In looking at it just now, I noticed that after trying it in a
couple different places what was left in the repository was not the
optimal version for code coverage. I've put this back to the
version which did a better job, for reasons described in the commit
comment:

http://git.postgresql.org/gitweb?p=users/kgrittn/postgres.git;a=commitdiff;h=8af1bc84318923ba0ec3d4413f374a3beb10bc70

Dan, did you have some others which should maybe be included?

I'm not sure I see any counts we could get from SSI which would be
useful beyond what we might get from a code coverage tool or
profiling, but I'm open to suggestions.

-Kevin

#17Kevin Grittner
Kevin.Grittner@wicourts.gov
In reply to: Simon Riggs (#13)
Re: SSI patch version 14

Simon Riggs <simon@2ndQuadrant.com> wrote:

I looked at the patch to begin a review and immediately saw
"dtest". There's no docs to explain what it is, but a few comments
fill me in a little more. Can we document that please? And/or
explain why its an essential part of this commit? Could we keep it
out of core, or if not, just commit that part separately? I notice
the code is currently copyright someone else than PGDG.

I'm including Markus on this reply, because he's the only one who
can address the copyright issue.

I will say that while the dcheck make target is not required for a
proper build, and the tests run for too long to consider including
this in the check target, I would not recommend that anybody hack on
SSI without regularly running these tests or some equivalent..

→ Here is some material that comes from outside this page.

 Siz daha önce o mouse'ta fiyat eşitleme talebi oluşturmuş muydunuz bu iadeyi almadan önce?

When I suggested breaking this out of the patch, everybody who spoke
up said not to do so. How the eventual committer commits it is of
course up to that person.

Pounding for hours on 16 CPU box sounds good. What diagnostics or
instrumentation are included with the patch? How will we know
whether pounding for hours is actually touching all relevant parts
of code? I've done such things myself only to later realise I
wasn't actually testing the right piece of code.

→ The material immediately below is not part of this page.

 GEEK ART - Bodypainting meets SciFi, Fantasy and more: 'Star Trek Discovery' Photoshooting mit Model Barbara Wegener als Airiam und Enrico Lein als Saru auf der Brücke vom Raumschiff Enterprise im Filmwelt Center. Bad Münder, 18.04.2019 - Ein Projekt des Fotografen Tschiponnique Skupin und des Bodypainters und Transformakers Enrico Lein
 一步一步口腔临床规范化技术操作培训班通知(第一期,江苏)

We've looked at distributions of failed transactions by ereport
statement. This confirms that we are indeed exercising the vast
majority of the code. See separate post for how we pushed execution
into the summarization path to test code related to that.

I do have some concern that the 2PC testing hasn't yet covered all
code paths. I don't see how the problem found by Jeff during review
could have survived thorough testing there.

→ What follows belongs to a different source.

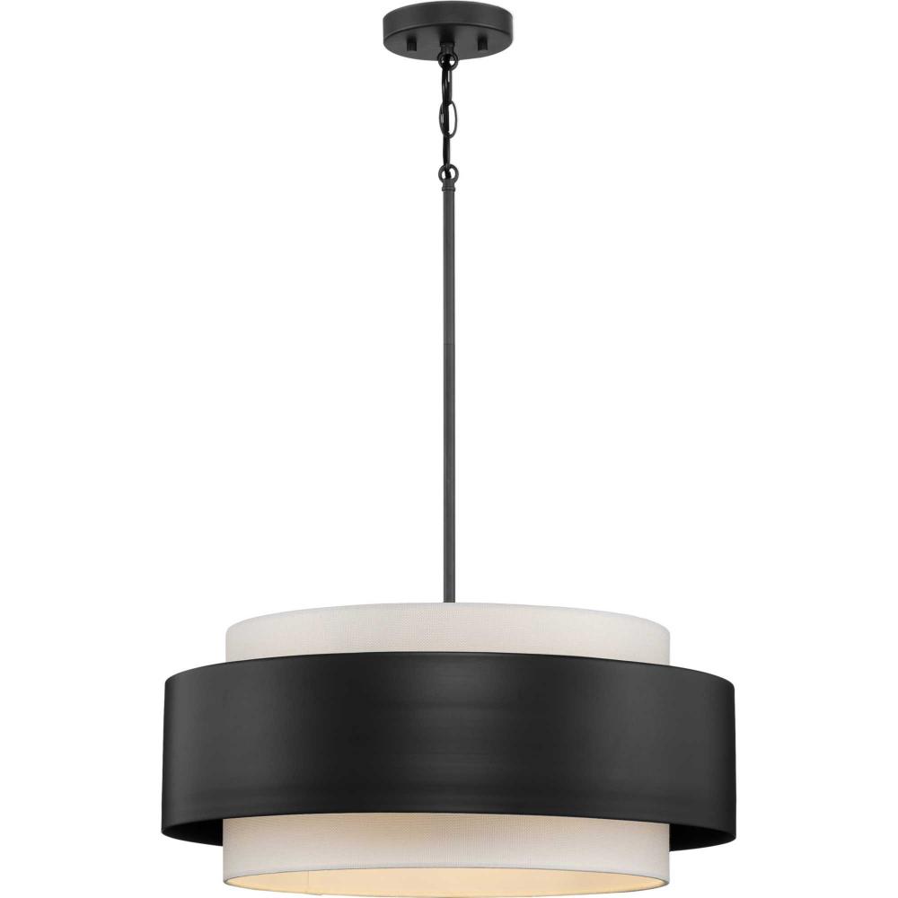 The Silva Collection uses a dramatic contrast of finish and material to present a captivating design. A white linen shade encompassed by a stunning metallic drum coated in a crisp matte black finish establishes a clean, modern, uplifting statement. This fixture is part of the Progress Lighting Design Series, a lighting collection offering fashionable styles and affordable luxury lighting for the home.

When this runs in production, how will we know whether SSI is
stuck

Stuck? I'm not sure what you mean by that. Other than LW locking
(which I believe is always appropriately brief, with rules for order
of acquisition which should prevent deadlocks), the only blocking
introduced by SSI is when there is an explicit request for
DEFERRABLE READ ONLY transactions. Such a transaction may take a
while to start. Is that what you're talking about?

or is consuming too much memory?

Relevant shared memory is allocated at startup, with strategies for
living within that as suggested by Heikki and summarized in a recent
post by Jeff. It's theoretically possible to run out of certain
objects, in which case there is an ereport, but we haven't seen
anything like that since the mitigation and graceful degradation
changes were implemented.

e.g. Is there a dynamic view e.g. pg_prepared_xacts,

We show predicate locks in the pg_locks view with mode SIReadLock.

is there a log mode log_ssi_impact, etc??

Don't have that. What would you expect that to show?

-Kevin

#18Markus Wanner
markus@bluegap.ch
In reply to: Kevin Grittner (#17)
Re: SSI patch version 14

Kevin,

thanks for your heads-up.

On 01/26/2011 06:07 PM, Kevin Grittner wrote:

Simon Riggs <simon@2ndQuadrant.com> wrote:

I looked at the patch to begin a review and immediately saw
"dtest". There's no docs to explain what it is, but a few comments
fill me in a little more. Can we document that please? And/or
explain why its an essential part of this commit? Could we keep it
out of core, or if not, just commit that part separately? I notice
the code is currently copyright someone else than PGDG.

I'm including Markus on this reply, because he's the only one who
can address the copyright issue.

I certainly agree to change the copyright notice for my parts of the
code in Kevin's SSI to say "Copyright ... Postgres Global Development
Group".

However, it's also worth mentioning that 'make dcheck' requires my
dtester python package to be installed. See [1]dtester project site: http://www.bluegap.ch/projects/dtester/. I put that under the
Boost license, which seems very similar to the Postgres license.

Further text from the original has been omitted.